3. He loves Chickafila!
He is one a first name basis with the manager of Chicafila next to his office. They are buddies!

When our best friend's daughter Winnie was about 2 yrs, and the Clarks would drive by a a chicafila restaurant she'd put her hands up in the air and ask for Steve. She associated every chicafila restaurant with him!

Uncle Brett gave us matching dad/son t-shirts which boldly say 'I love Chickafila'. We are planning on having Jack's 1 year old birthday at Chickafila, at which time they will wear their shirts and Jack will try chicken for the very first time. It was very important that Jack's first chicken should come from chicafila… yummy yummy honey mustard!

4. He washes the dishes. This one I have to give a big thanks to my father in law for. Steve is wonderful about washing dishes. He washes the dishes better than I would, and even dries them right away. I usually just quickly wash them and leave them out to dry… slacker me! Thank you Steve for loving me in this way.

5. He does not follow the crowd
My husband is not on facebook. This is despite the fact that his dad, mom, brother, sister, uncles, cousins, wife, and best friends are all on facebook. He has been peer-pressured many times (myself included) but he has stood strong.

He always wears his helmet whenever he plays softball. Now despite the fact that no one else in his team wears it (or even the league) and it looks kind of funny, Steve is very faithful about wearing it every time. In general he has never worried about impressing other people.
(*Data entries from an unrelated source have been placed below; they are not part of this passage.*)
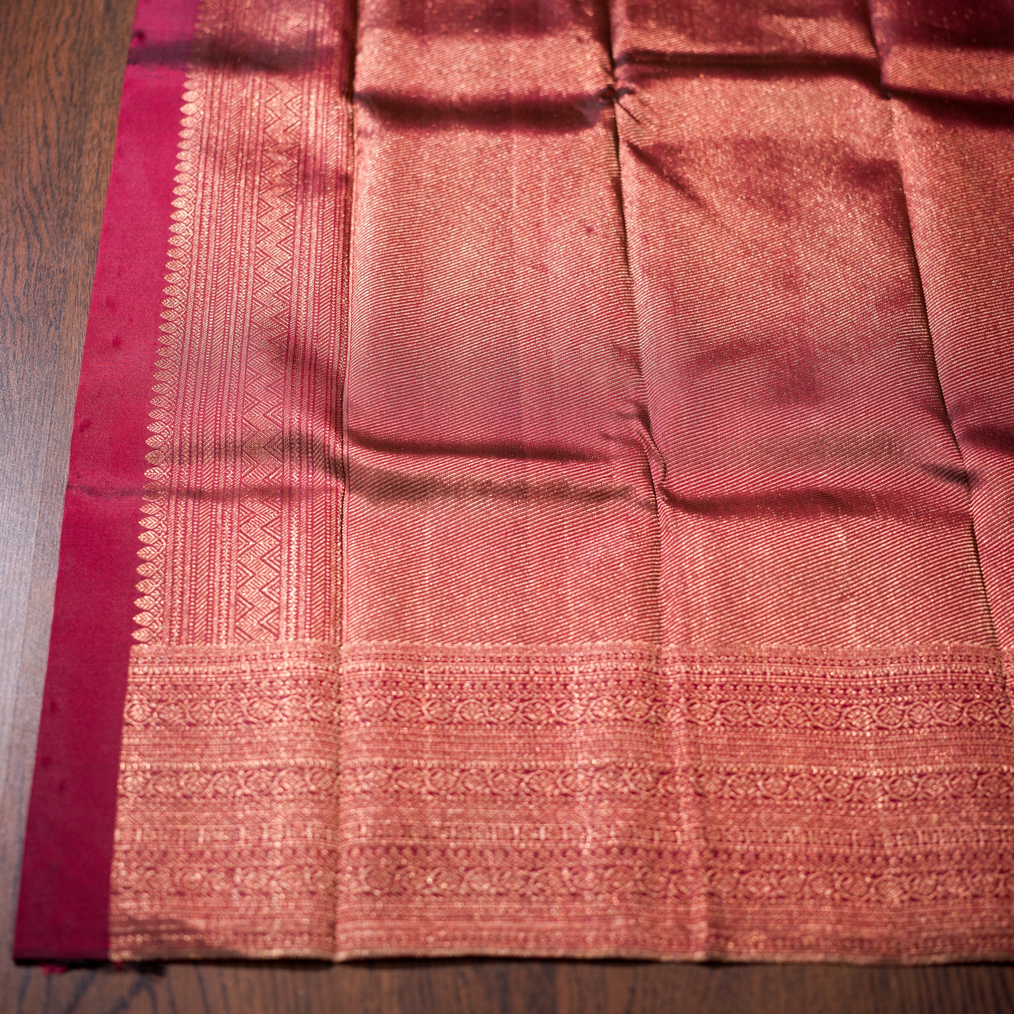 Color – Crimson Red with Self-Zari Detailing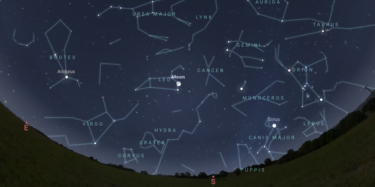 Видиме сходження Місяця відбудеться лише о 17:22. Він з"явиться на небі на сході у сузір"ї Лева і мандруватиме небом всю ніч, аби зайти о 7:15 наступного ранку.
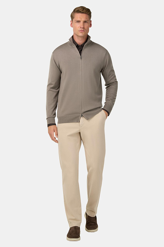 Свитер на полумолнии. Выполнен из экстра-тонкой мериносовой шерсти.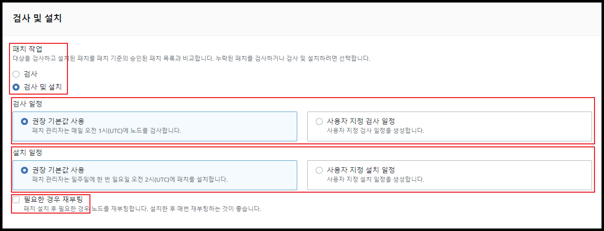 3. 설치일정 설정으로 발견된 필요 패치를 진행할 시간 설정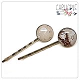 2 pinces bronze cabochons verre fillette...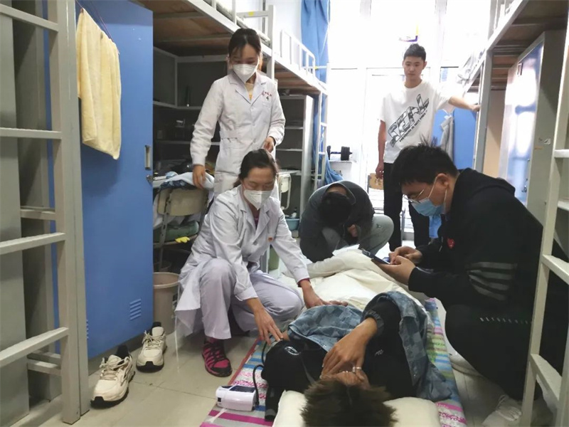 校卫生所护士长宋晓荣是一名退伍军人,也是一名共产党员。疫情防控期间,宋晓荣负责医疗救治和应急救护保障工作,她与新到岗的90后医生高亚玲一同面对超大负荷的工作量,经常不分昼夜连轴转。无数个夜晚,急诊电话响起,她们不顾夜间冷风穿透身体,拎着沉重的急救器材跑步前行,争分夺秒奔赴一线。封校以来,仅出急夜诊就达17次,急救处置过程做到了精准判断,处置得当,严格执行疫情防控流程,保证了学生及时转运就医,用实际行动守护了学生的健康平安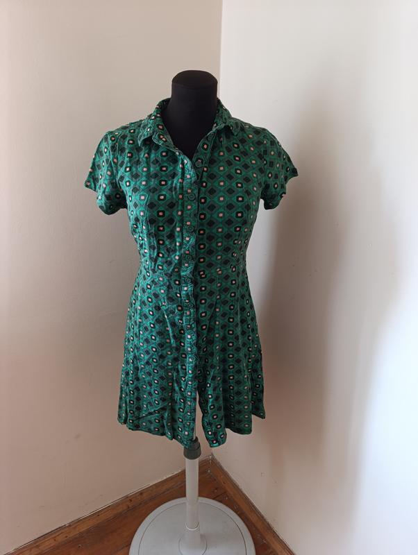 Продам платье-халат 36 размер. Замеры: ширина плеч 43, полуобхват груди 40, длина платья 76.Без дефектов и повреждений.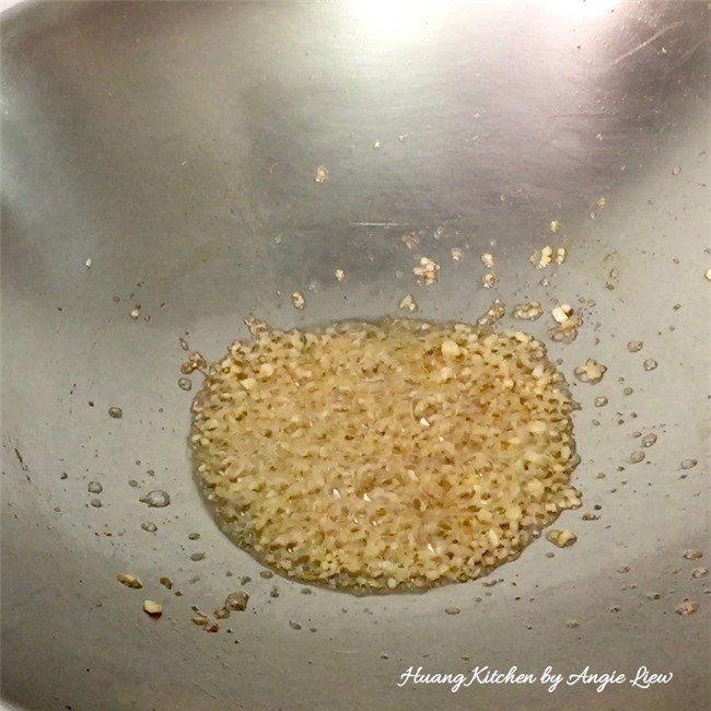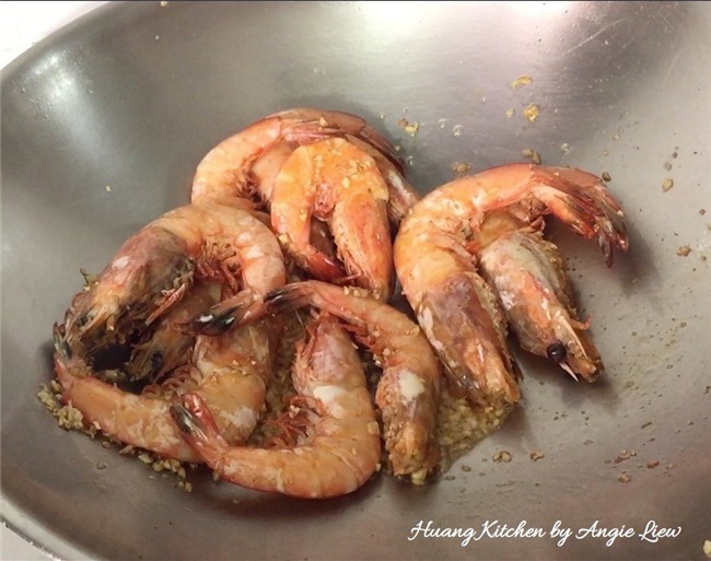 Cũng trong chảo vừa chiên tôm nếu thừa nhiều dầu quá thì đổ bớt đi sau đó cho tỏi và gừng vào chiên vàng.

And he has this gift of not letting things get to him, he is pretty easy going.

6. He can entertain a crowd. Steve can tell jokes in a crowd in a way that I can’t… I must say he gets this from his dad. He also loves having people over- the more, the merrier!

7. He is a wonderful father. Every night when we he gets home he takes over by playing with Jack and getting him ready for bed. This gives me a nice break to get dinner started! He tickles Jack in a way that gets him to crack up for a while, not just smile. He gives him a bath, and helps me wash all the bottles. He has always been involved with taking care of Jack with a loving servant heart.

Thank you Steve for being such a wonderful husband and father. If you are called to heaven one day sooner than I expect, the pain will be worth every wonderful memory I have with you. I love you so much and treasure each day I am given with you!